On August 21, 2017, Krishnan joined Fox 5 NY WNYW as one of the new morning anchors of Good Day Wake Up from, 4:30am–7am, replacing Teresa Priolo and Antwan Lewis. Until 2019, she co-anchored the program with Jennifer Lahmers.

In 2020, Krishnan hosted the TLC show Find Love Live, and in 2021, she became the host of 90 Day Fiancé: Love Games, a dating and relationships show on Discovery+ streaming service.

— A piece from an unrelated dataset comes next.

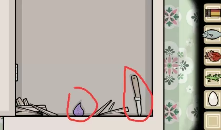 然后我们再老人旁边的柜子里可以找到小刀和第一片花瓣(花瓣在木片中,需要移开木片)

Since 2022, Krishnan has served as the reunion 'One On One' host on Sister Wives.

==Awards==
In 2006, Krishnan won her first Emmy for On-Camera Achievement (News Anchor/Host) from the New York Chapter of the National Academy of Television Arts and Sciences (NATAS). In addition to her Emmy Award, Krishnan also won the Project Impact (formerly Indian American Political Awareness Committee)'s "Creating A Voice" Award, and a Distinguished Broadcast Journalist commendation from the Office of the Comptroller of the City of New York, for her work covering the immediate aftermath of the September 11 attacks. In July 2006, she was honored at the FeTNA (Federation of Tamil Sangams of North America) annual convention held in New York City. In October 2007, Krishnan was named one of the 2007 Power Women by New York Moves Magazine, at an awards ceremony hosted by Mira Sorvino and MC'd by Judy Gold.